# 2.1 Part-of-Speech (PoS) tags

In [1]:
import nltk
from collections import defaultdict
from collections import Counter
from nltk.corpus.reader import TaggedCorpusReader

train = TaggedCorpusReader(root="resources", fileids="BAWE_train.retagged.txt")
test  = TaggedCorpusReader(root="resources", fileids="BAWE_test.retagged.txt")

tagged_words_train = train.tagged_words()

## Question 1: Most frequent tags
Based on the tagged training corpus, provide the top 3 most frequent tags. You should format your answer in a python dictionary, where the keys are the tags and the values are their corresponding counts (e.g. `{'NN': 10, 'JJ':10}`). For the tags, you should use the taxonomy that is used in the training corpus. For instance `'NN'` stands for a noun, `'JJ'` stands for an adjective, etc. You can refer to the NLTK documentation to check the meaning of each tag.

In [2]:
freq = nltk.FreqDist([x for (_, x) in tagged_words_train])
print({x: y for (x, y) in freq.most_common(3)})

{'NN': 906007, 'IN': 634158, 'DT': 538613}


## Question 2: Most frequent POS before nouns
Nouns generally refer to people, places, things, or concepts. They usually appear after determiners and adjectives and they are often followed by a verb.

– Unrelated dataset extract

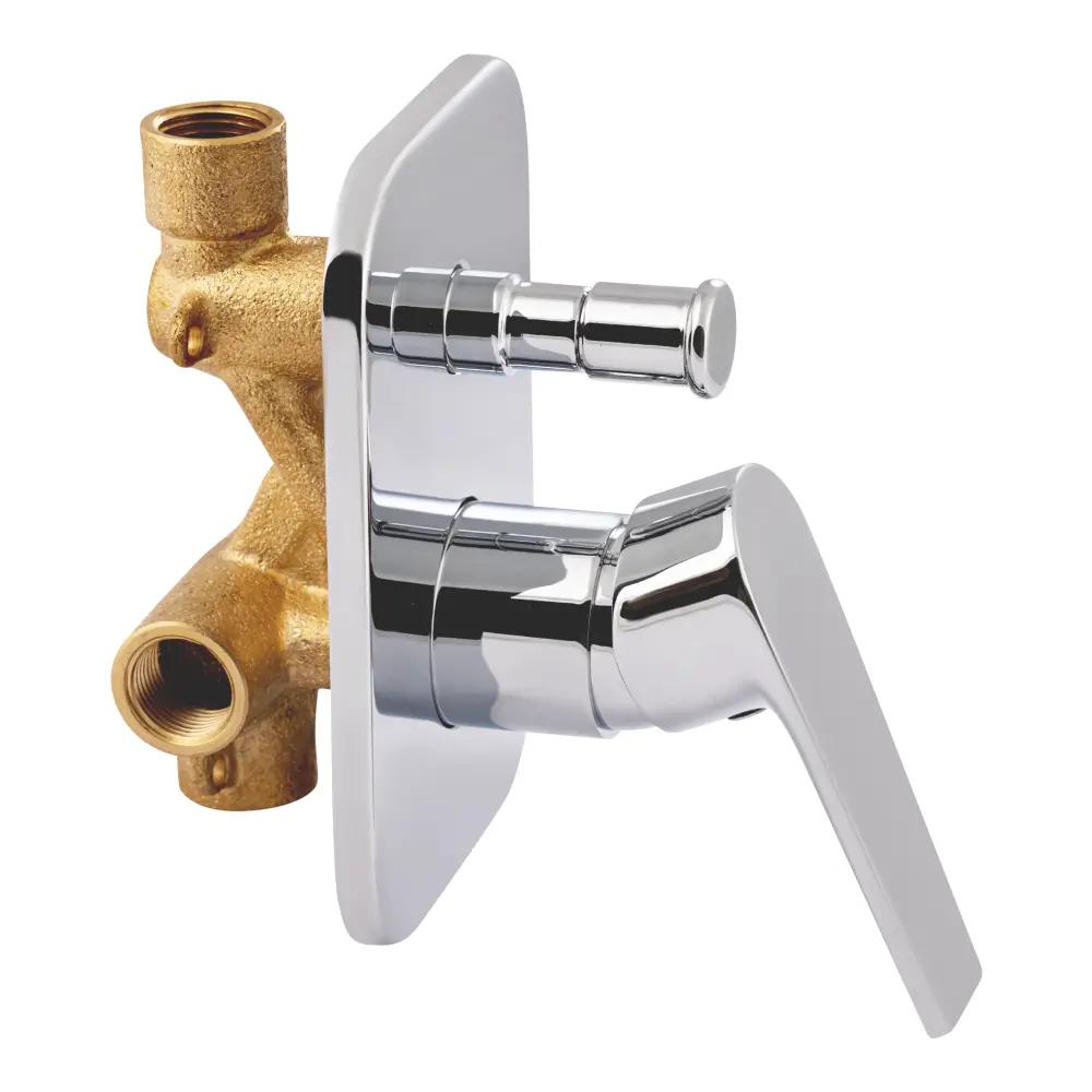 Змішувач прихованого монтажу для душу Qtap Stenava 6245102DC для двох споживачів - це відмінне рішення для сучасної ванної кімнати. Він додасть вишуканий вигляд інтер‘єру ванної, а міцна хромована поверхня збереже зовнішній вигляд змішувача на довгі роки. Функціональна частина виготовлена з високоякісної латуні, стійкої до корозії. Управління потоком води здійснюється за допомогою зручного важеля, а перемикання між споживачами за допомогою дивертора.

Analyze the training corpus to provide a dictionary of 3 POS tags that occur the most often before a common singular noun (NN). The keys of your dictionary should correspond to some POStags and the values should be the relative frequencies of occurrence (among all tokens appearing before a NN in the training corpus). The frequencies should be given with at least two significant digits.

In [3]:
d = defaultdict(int)
for i in range(len(tagged_words_train) - 1):
    if tagged_words_train[i + 1][1] == 'NN':
        d[tagged_words_train[i][1]] += 1

c = Counter(d)
print({x: y/(sum(d.values())) for (x, y) in c.most_common(3)})

{'DT': 0.2898840737433596, 'JJ': 0.20038035026219445, 'IN': 0.12694383155980032}


## Question 3: Most common verbs
Analyze the training corpus to determine which are the 3 most frequent verbs in the corpus? Provide your answer as a dictionary where each key is some verb occurrence and the associated value is its relative frequency (among the verbs). You should consider here all possible verb forms ([various possible POStags](https://inginious.info.ucl.ac.be/course/LINGI2263/project2a/TAGSET.png)). The frequencies should be given with at least two significant digits.

In [4]:
verbs = [x for (x, y) in tagged_words_train if y[:2] == 'VB']
verb_freqs = nltk.FreqDist(verbs)
print({x: y/len(verbs) for (x, y) in verb_freqs.most_common(3)})

{'<UNK>': 0.1474337683519249, 'is': 0.10494317215232941, 'be': 0.05552495213715372}